I didn't do a PhD, but when I was doing my final project, I used to stress out badly about HAVING to do something spectacular. In the end, nobody's gives a damn, and I have found I have both grown through the experience and gotten way better since then. Basically, it's the access you get to the next stage of life, not the end goal of it.
Andorion, on 03 December 2016 - 01:51 AM, said:
Puck, on 02 December 2016 - 09:30 PM, said:
What has already been said, Ando. I'm bad at giving advice, but try to calm down and focus on the now, and the empire's always here if you need to rant/talk/whatever!
Also, since I'm totally getting the allergies thing.. It's long-term, but can you get any immunisation treatment? I usually takes at least three years, but may be worth it if it would help in the long run. Maybe talk to a doctor? The air pollution must be hell on your allergies
![:(](https://forum.malazanempire.com/public/style_emoticons/Malazan/ermm.gif)
Immunisation is something I may actually have to talk to my doctor about as my allergies seem to be escalating.
Originally those little levocetrizine tablets would work. Then they didn't.
Now I take huge 180mg Fexofenadine tablets. And they worked, upto spring of this year. And now their effectiveness is greatly decreased.
Try it. At least talk to your doctor about it. The climate's too different where you are for me to give much advice, but they'be gotten a ways better at this than just a couple of years ago and any relief in the long run is worth it. I can now eat some stuff I couldn't for a while due to cross allergies and will see how it goes once allergy seasin hits for me.
Also, ask about cortisone shots. Doctors worth their name don't give them out easily, but your case sounds bad enough that it might be worth to get some relief during the worst time.
My doctor subscribes to the philosophy of minimal medication. He once apologised to me three times for prescribing a powerful antibiotic for an infection
Regarding music - over the years I have found two consistent things - if I want to calm down and feel a little sad, then Coldplay - specially their first two albums, and if I am feeling angry and I want to let all of it out, then Foo Fighters.

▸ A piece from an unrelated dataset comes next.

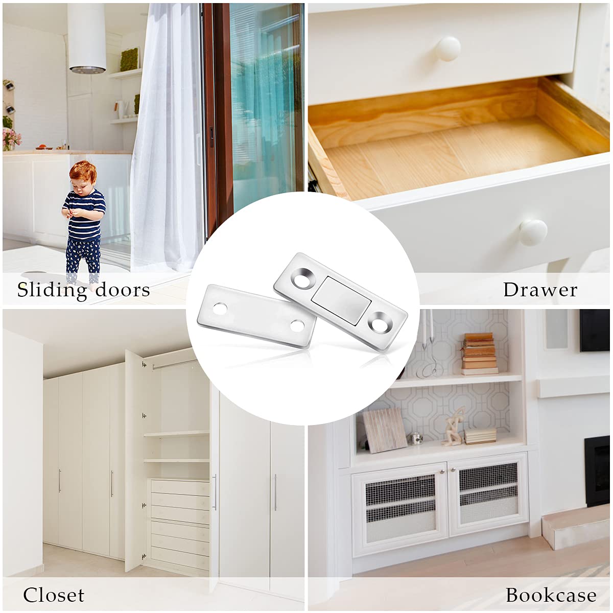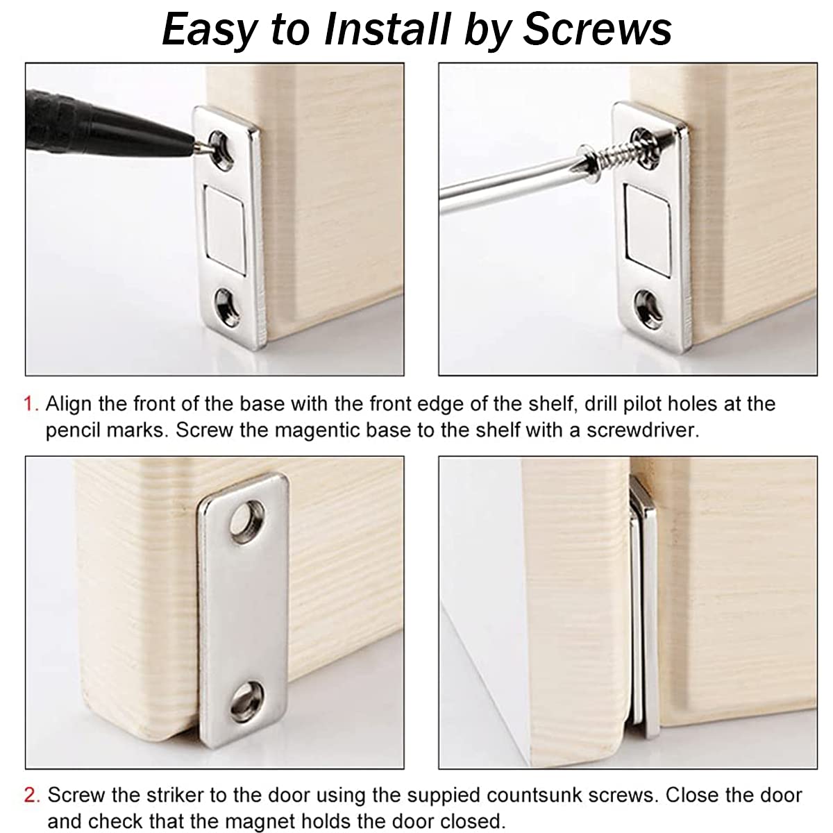 مغناطيس باب خزانة فائق النحافة مع براغي – مشابك مغناطيسية للأبواب والأدراج والنوافذ المنزلقة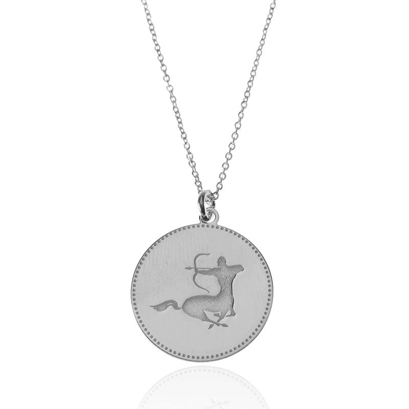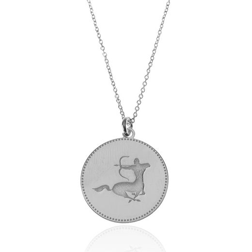 Colar em Prata 54+5cm CO00439RH Sagitário Zodíaco. Colar feito em prata esterlina 925 banhada a ródio. Fechamento próximo. Desenho do zodíaco Sagitário. Medidas da corrente 54+5cm. Medidas do pingente 18mm. Certificado de autenticidade e garantia de qualidade nos materiais de fabricação. Ref. CO00439RH

They have some of the most authentic emotion-laden songs.
Uhh, maybe consider changing doctor?
No doctor should be apologising for prescribing antibiotics for an infection. That's stupid.
I can appreciate not wanting to over-prescribe. Or not wanting to be reliant on medicine for everyday living. But a doctor who knows what they are doing doesn't have that worry, because they only prescribe medication when it's necessary. You know, like antibiotics for an infection.
![:p](https://forum.malazanempire.com/public/style_emoticons/Malazan/(.gif)
what on earth was the planned alternative? Hope and good thoughts?
Anyway, not to imply your doctor is incompetent, but just from that one anecdote he sounds a little bit over-cautious, possibly verging into CAM territory.